# recreation.gov shut down?



## blueotter (Nov 30, 2018)

I and others I know have been able to log in and do the lottery.
I initially had trouble because I was using Microsoft Edge. Then I changed to Google Chrome, and it worked like a charm.


----------



## BAMBAM (Nov 15, 2013)

*Rec Gov*

Put in for Main Salmon and Middle Fork last night. 
Upper right corner click on x to get rid of warning.
New updated website, when it asks for log in password, go below and click reset password, will send you a link by email, then go through same process to start and when asks for password put in new password and viola, it works.


----------



## 2tomcat2 (May 27, 2012)

Thanks, blueotter and BAMBAM, for sharing information with fellow Buzzards!


----------



## Clickster (Sep 5, 2011)

*Haven't been able to access permit apps either*

I'm like stephencpace.
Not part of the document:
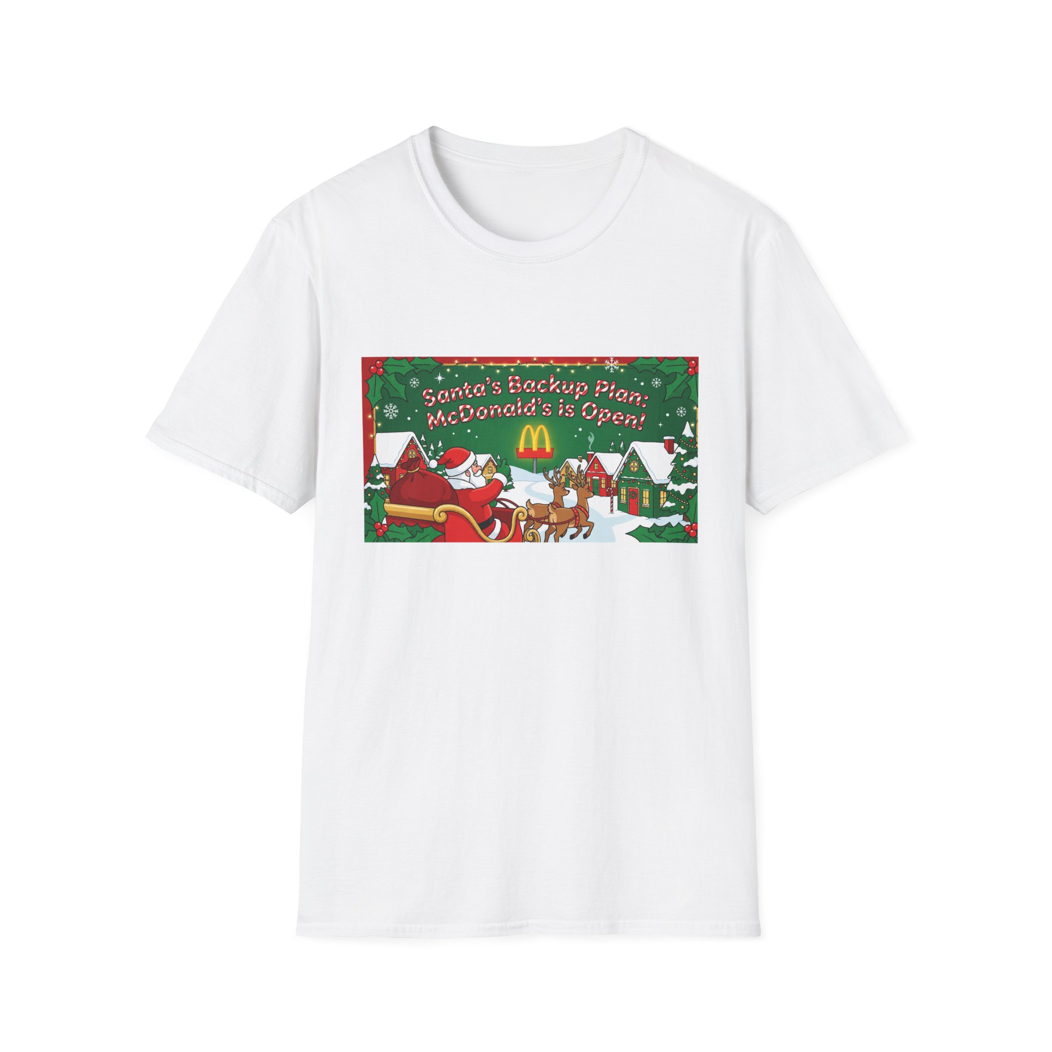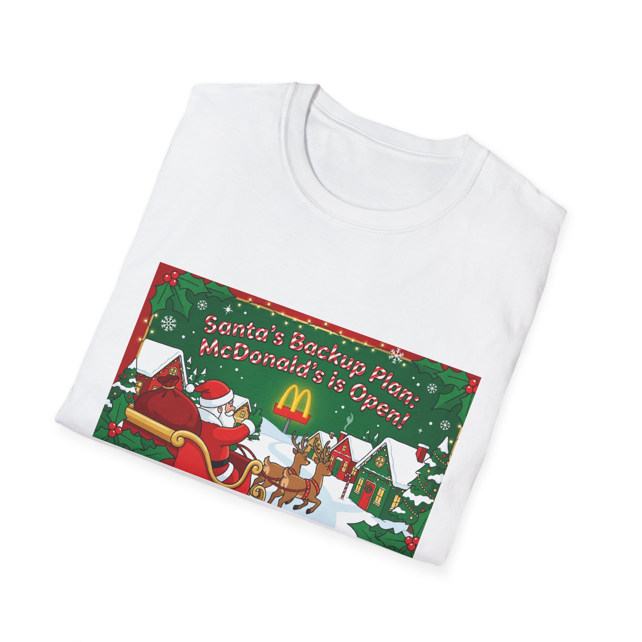 This lightweight cotton tee carries a wink of holiday mischief — a playful scene of Santa pausing his route, McDonald’s golden arches glowing like a late-night beacon. It feels like a cozy laugh with friends: soft against the skin, breathes easily, and sits in a classic crew silhouette so the art stays front-and-center. Wear it on relaxed winter evenings, while decorating the tree, or at casual gatherings where smiles and stories flow. The print’s bold colors pop on the clean white canvas, giving off a warm, nostalgic vibe that makes people lean in and chuckle.

I'm wanting to apply for permits in Colorado (Yampa/Green, Deso, Lodore, Westwater) and haven't been able to get through. I use Chrome. I'll try your suggestions tonight with crossed fingers (and oars). Thanks.


----------



## Paul the Kayaker (Nov 7, 2004)

Worked for me and a few in our group a few days ago to put in for everything.


----------